To avoid this basic misconception, the notional approach teaches grammar no longer as a
set of forms, as used to be the case in traditional teaching, but as a set of meaning (Newby
1998: 6) On the contrary, it familiarizes students gradually with all the different shades of
meaning out of the huge meaning palette that adverbs are and introduces meaning
categories one by a time. As Newby pointed out in his grammar for communication (1989:
142), this basic color sets which form the vast palette of adverbial meaning are manner,
degree, details, probability, opinion and frequency. These single meanings (Newby 1998:
6) are called notions and although they all share the same grammatical form they express
different meanings, and their introduction should be structured consequently.
So teaching adverbs in a communicative way would mean to introduce a notion at a time.
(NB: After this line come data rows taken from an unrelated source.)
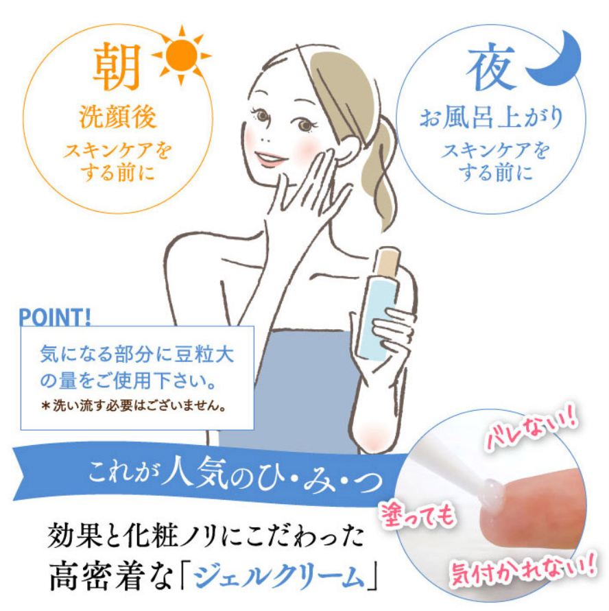 効果的な使い方のポイントは指の腹を使ってミラセレブを馴染ませることでジェルクリームが密着して特に乾燥や肌荒れなどが気になるところは重ね塗りをしたり、厚めに塗るのをおススメします。
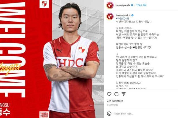 “Kim Dong Su là một cầu thủ có thể đóng vai trò thủ lĩnh trong việc xây dựng sức mạnh nơi hàng phòng ngự. CLB chắc chắn sẽ mạnh mẽ hơn với đẳng cấp của Kim!! Chào mừng Kim Dong Su đến với Busan”, CLB đang chơi tại K-League 2 đưa ra thông báo.
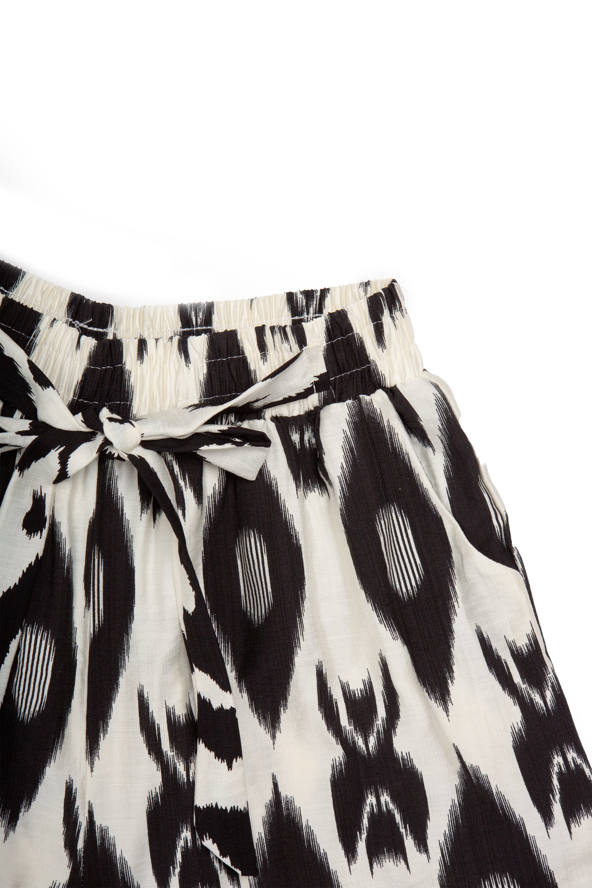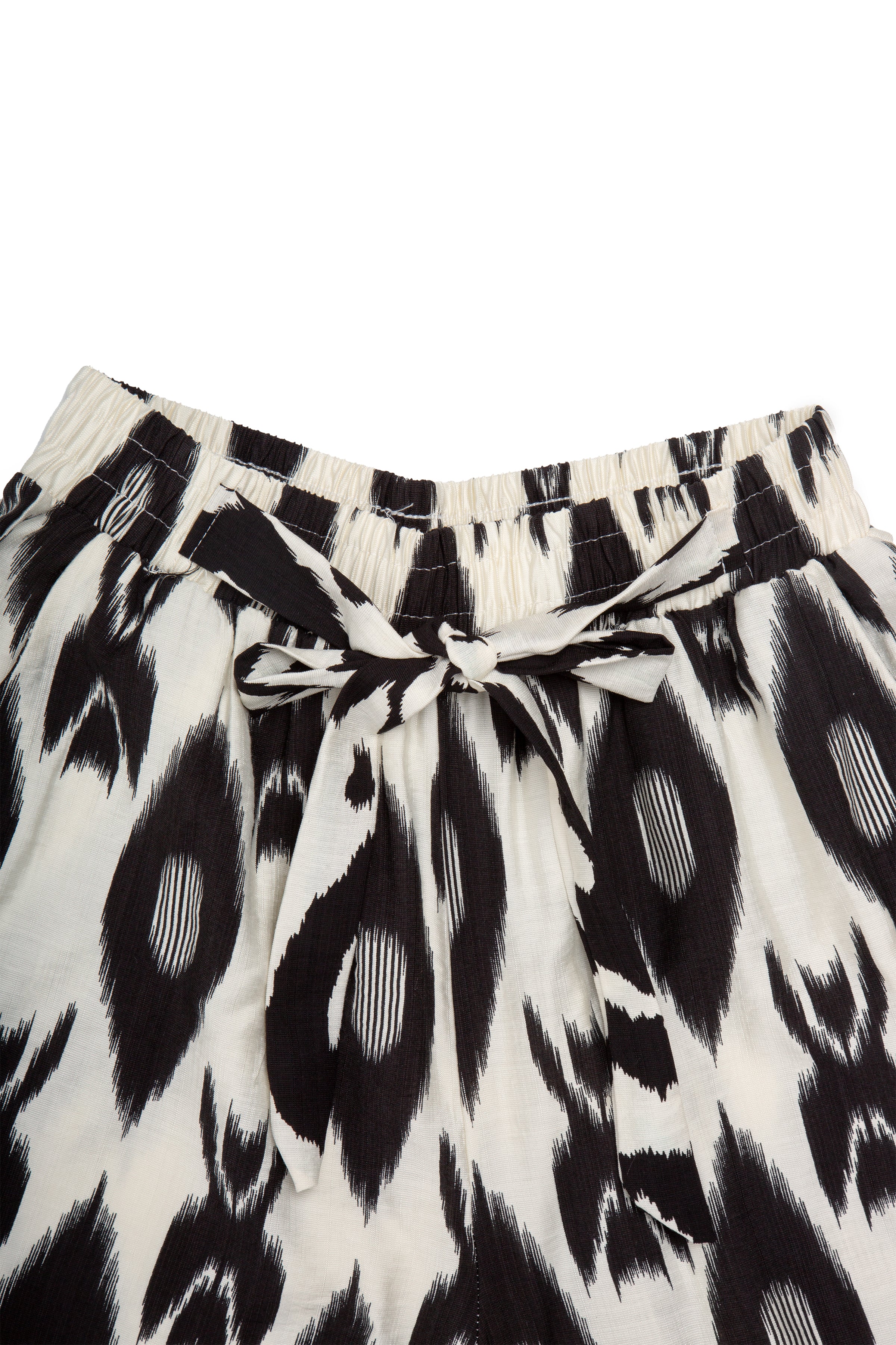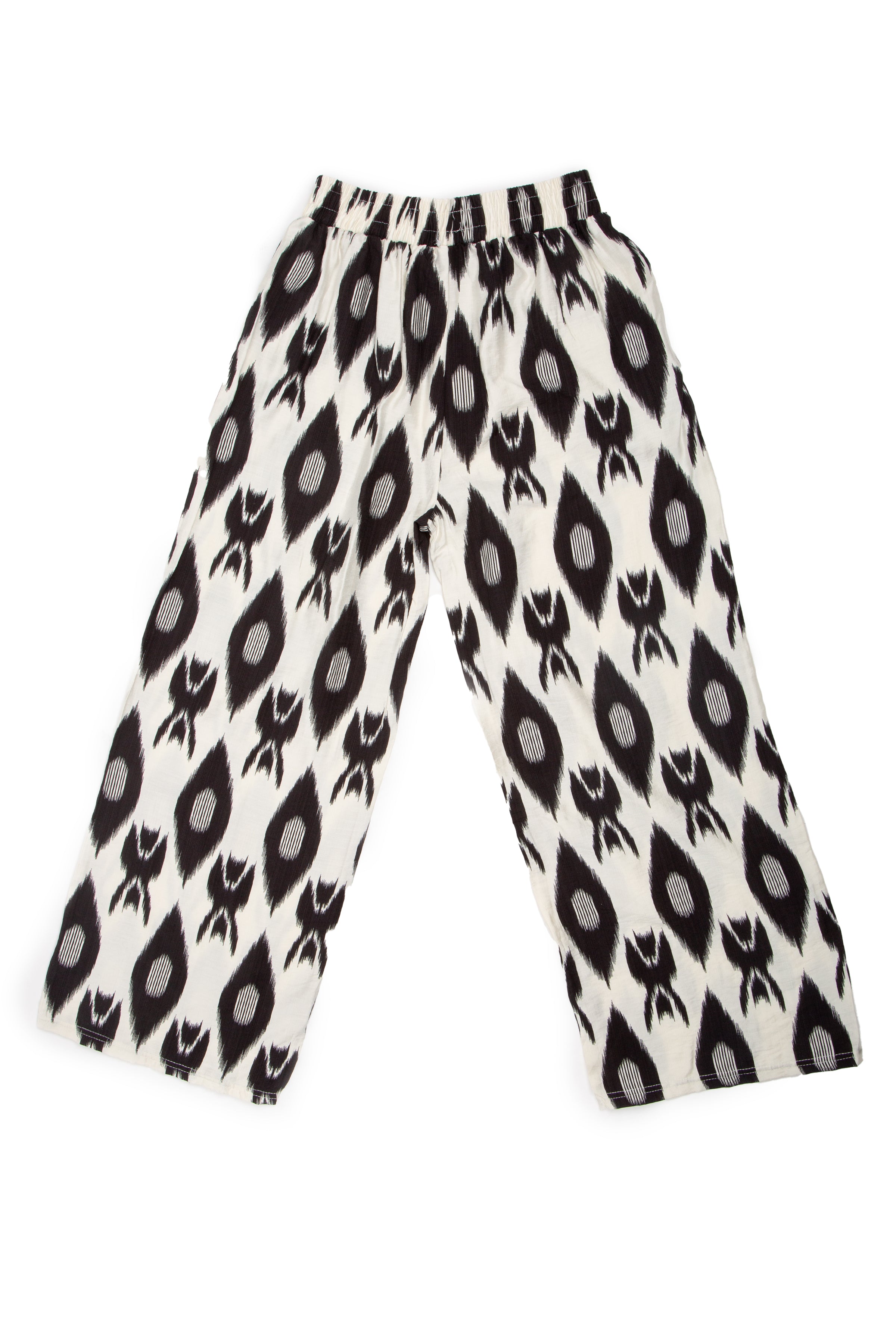 Abstract Pattern Wide-Leg Pants W/ Tie-Knot String & Pockets
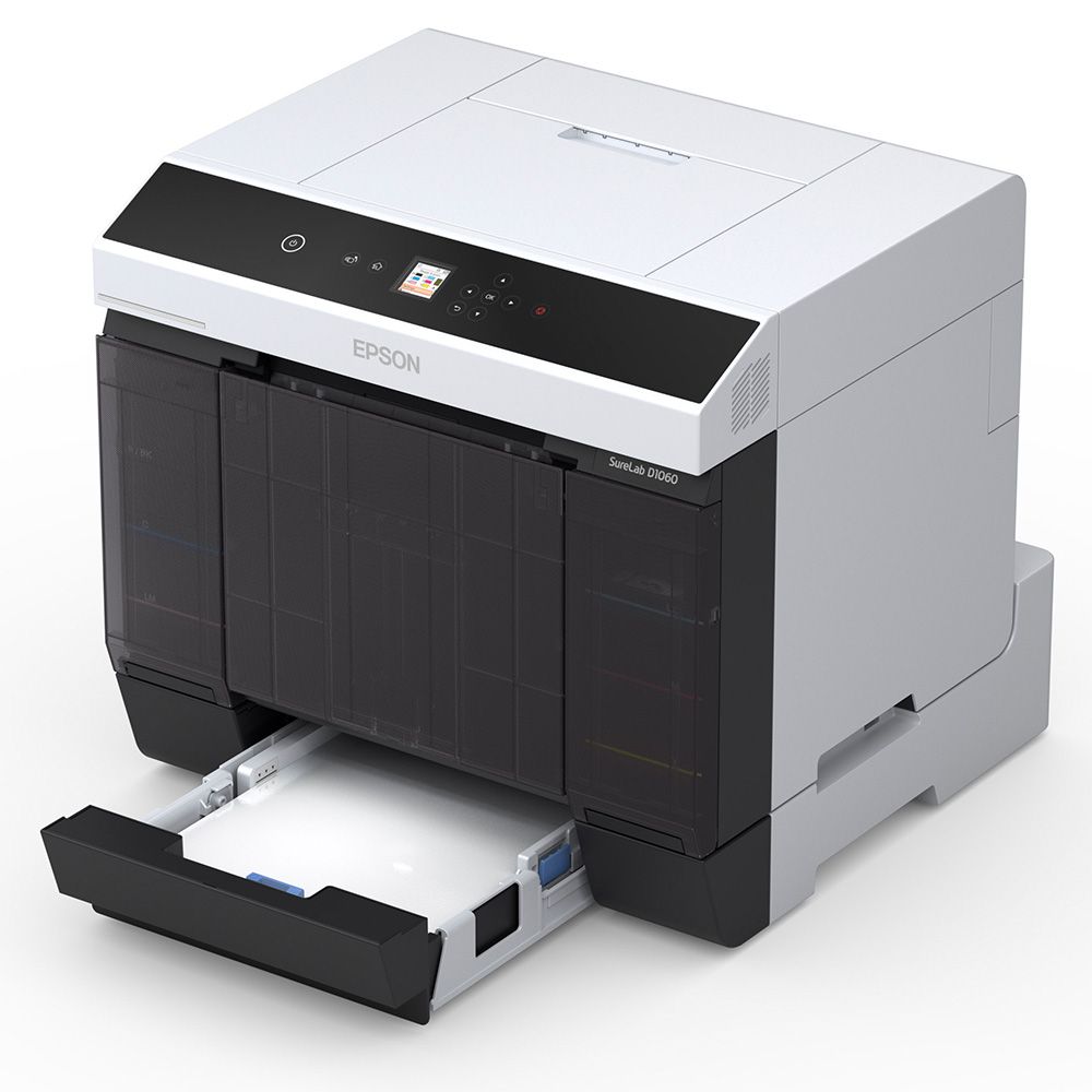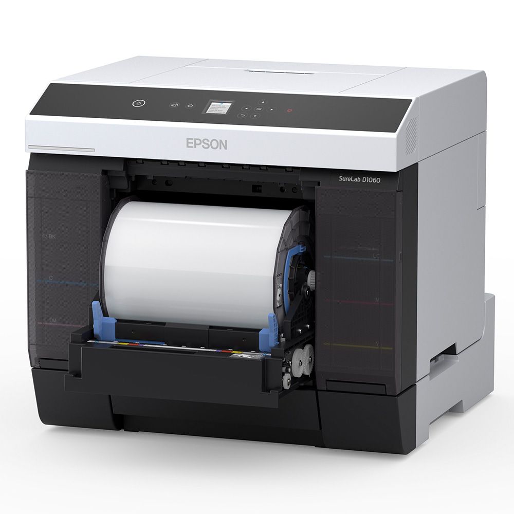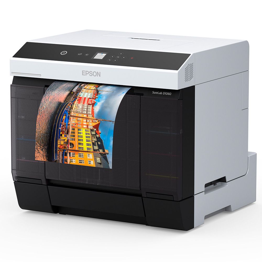 The SL-D1060 Dry-film Minilab is designed for low-medium volume production. It can be operated as a standalone machine or in multiples for heightened production. It incorporates a high precision Epson Micro Piezo™ Thin Film Print™ (TFP) head that enables accurate and consistent output in resolutions up to 1440 x 720 dpi. It features an upgraded 6-colour ink set that is applied using Variable Sized Droplet Technology (VSDT), for outstanding image quality with an enhanced gamut and dMax. Staying true to the SureLab series, the D1060 is compact, lightweight, and requires minimal operational space. It can produce up to 460 4x6" borderless prints per hour, using cost-effective sheet and roll-based media that comes in sizes ranging between 3.5" to A4, with a variety of surface finishes. The printer ships with a powerful Windows® and Macintosh® OS driver to enable operation, with standard photo and graphic software. It can also be used with optional Epson Order Controller to provide a full production system complete with costing, image editing, job scheduling, and load balancing.

This way grammar teaching would be more like vocabulary learning. Pupils will be taught
for example that there is a wide range of different adverbs that express the notion of degree
in all its different meaning potential (Newby 2012: 8). For example, something can be
rather easy, fairly easy or very easy.
Thus, in one lesson student will just practice the notion of degree, and work on tasks in which
they should practice not just a form but a meaning embedded in a situation and secondly [..]
make meaningful statements which they relate to their own knowledge or experience
(Newby 1998: 11) This way students will spent their time producing language rather than
analyzing it: An outcome that should prove first of all motivating, as performing language is
clearly easier for students, than to engage in a meta-linguistic discourse, and is secondly in
line with the curriculum that clearly has an communicative focus (see AHS Curriculum). And
so after the initial notion has been practiced and is now part of the students procedural
knowledge (Newby 1998 : 4) a new notion for example that of frequency can be introduced,
and practiced and so step by step students will learn to use all different forms of adverbs just
by learning to express an always wider growing palette of meaning. And then someday
students will all of a sudden realize what they can actually already do with language, and
then looking back they might think to themselves that using adverbs is after all fairly easy.
3. Bibliography
Newby, David (2014) Handout: Intro. and Theory. Communicative Grammar in Theory and Practice
Schoolbooks:
Gerngro and others (2001) You and Me (1-4) Vienna sterreicher Bundesverlag
Has Frank (2007) Red Line 2 Coursebook Vienna: sterreichischer Bundesverlag .
Newby, David (1989) Grammar for Communication. Vienna: sterreichischer Bundesverlag.